How to continue the topic with an Instructional Designer?

  1. Review and refine the recommendations: The faculty member could work with the instructional designer to review the recommendations generated by ChatGPT and refine them based on their specific course needs. The instructional designer could help the faculty member evaluate the options based on factors such as ease of use, accessibility, cost, and pedagogical value.
  2. Identify and address potential challenges: The faculty member and instructional designer could discuss potential challenges that may arise from implementing the selected educational technology in their course. This could include issues related to technology integration, student engagement, and support for students who may have varying levels of technological proficiency.
  3. Explore implementation strategies: The faculty member and instructional designer could work together to explore implementation strategies for the educational technology recommendations.
  4. Determine next steps: The faculty member and instructional designer could determine next steps for moving forward with the implementation of the selected educational technology.
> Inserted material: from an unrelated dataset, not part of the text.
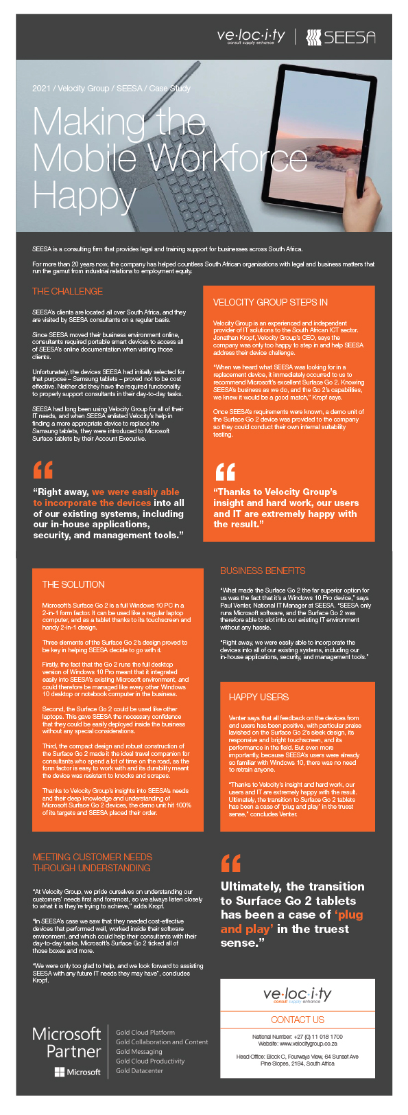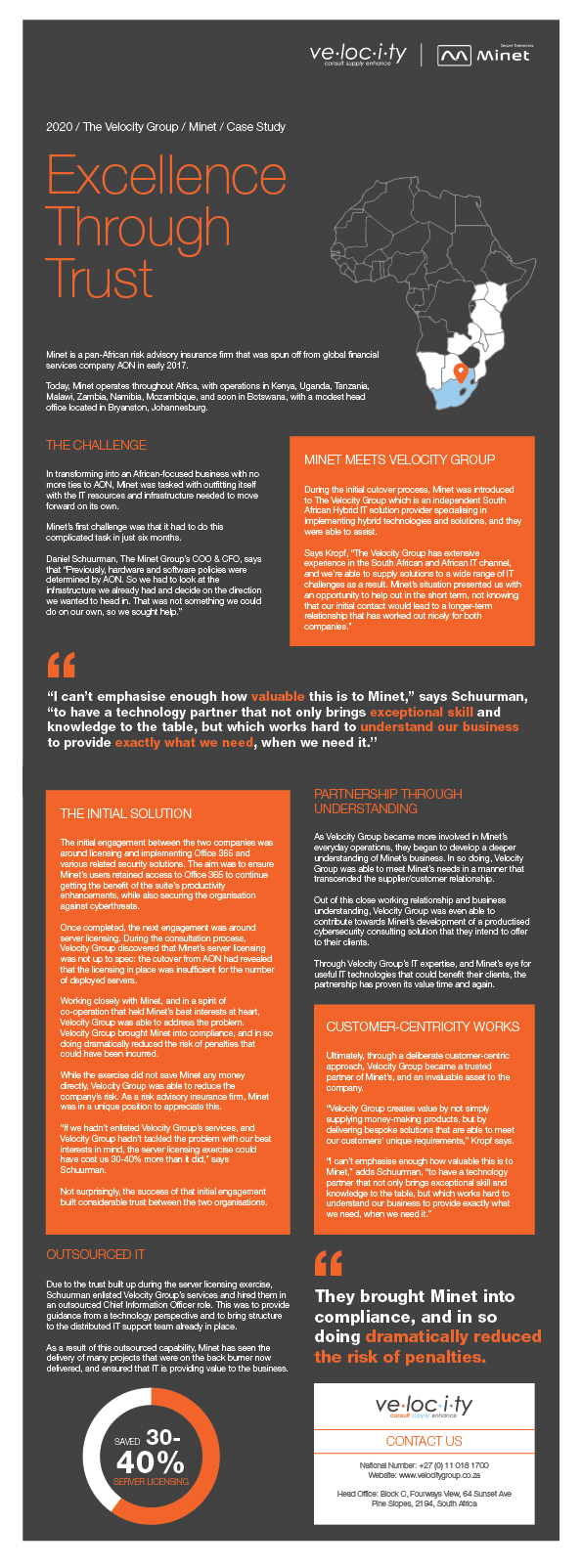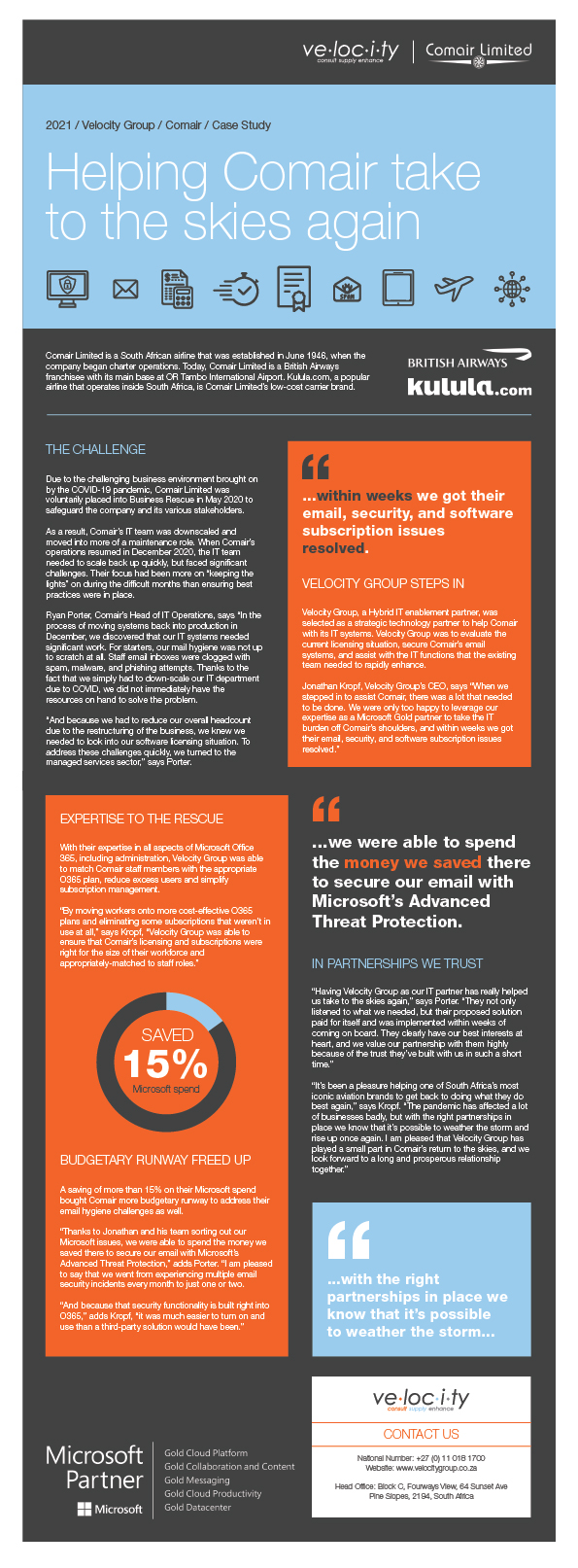 Velocity Group is a managed IT service provider based in Johannesburg specialising in hybrid cloud solutions that use Microsoft technologies such as the Azure cloud. They also offer custom deployments of everything inside the Microsoft 365 stack, tailored to the client’s needs.

This could include identifying any additional support or resources needed, setting timelines for implementation, and designing appropriate activities.
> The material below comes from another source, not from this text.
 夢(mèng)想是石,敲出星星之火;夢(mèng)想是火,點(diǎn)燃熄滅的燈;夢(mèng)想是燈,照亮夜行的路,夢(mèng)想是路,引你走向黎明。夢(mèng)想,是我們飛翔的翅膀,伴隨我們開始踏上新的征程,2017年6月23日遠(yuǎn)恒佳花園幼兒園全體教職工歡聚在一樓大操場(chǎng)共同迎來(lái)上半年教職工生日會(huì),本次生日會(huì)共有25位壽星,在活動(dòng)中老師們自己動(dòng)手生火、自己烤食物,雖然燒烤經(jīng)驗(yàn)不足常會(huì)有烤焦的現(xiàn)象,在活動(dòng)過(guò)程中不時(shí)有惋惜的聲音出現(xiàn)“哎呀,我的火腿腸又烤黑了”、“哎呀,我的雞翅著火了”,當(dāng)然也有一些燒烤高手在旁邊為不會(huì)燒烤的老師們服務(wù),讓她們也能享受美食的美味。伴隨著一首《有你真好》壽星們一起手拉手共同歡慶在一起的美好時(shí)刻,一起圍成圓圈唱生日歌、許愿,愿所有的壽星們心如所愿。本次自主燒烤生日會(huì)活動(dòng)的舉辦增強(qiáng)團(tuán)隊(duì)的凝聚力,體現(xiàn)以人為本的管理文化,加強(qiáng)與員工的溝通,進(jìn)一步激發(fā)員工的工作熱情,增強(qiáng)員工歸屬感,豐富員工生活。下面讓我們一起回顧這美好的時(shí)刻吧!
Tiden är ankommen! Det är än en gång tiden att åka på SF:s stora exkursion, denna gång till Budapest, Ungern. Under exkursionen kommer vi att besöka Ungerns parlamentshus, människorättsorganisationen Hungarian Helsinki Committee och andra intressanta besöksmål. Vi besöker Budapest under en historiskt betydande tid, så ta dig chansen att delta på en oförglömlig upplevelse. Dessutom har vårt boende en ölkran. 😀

See also the original session document.

AI in Action – Course Design Opportunities with AI

Course Design Opportunities with AI

On May 16, 2023, as part of the campus series, “AI in Action: Exploring AI’s Potential in Teaching and Learning,” OTL instructional designers worked with over 30 participants across three breakout rooms to explore ways that AI can be used to enhance teaching and learning.

  • Using ChatGPT to Lead In-depth Conversations with Instructional Designers: Sirui Wang and Brittany Goodwell explored possible ways to use ChatGPT to start thinking about different teaching and learning challenges using two scenarios to begin instructional design conversations between faculty and instructional designers. Both scenarios included questions and requests often asked by faculty. There were opportunities to interact with ChatGPT and instructional designers.
  • Using ChatGPT to Write Quiz Questions: Mark Kaysar and Agustin Ríos used AI to create quiz questions with different question types. They also prompted ChatGPT to properly format a quiz for uploading into Bruin Learn.
  • Syllabus Refresh Using Prompt Engineering in ChatGPT: Kim DeBacco and Kate Schaller worked with faculty to generate and regenerate a course syllabus. Together they investigated prompt engineering to iteratively refine their choices.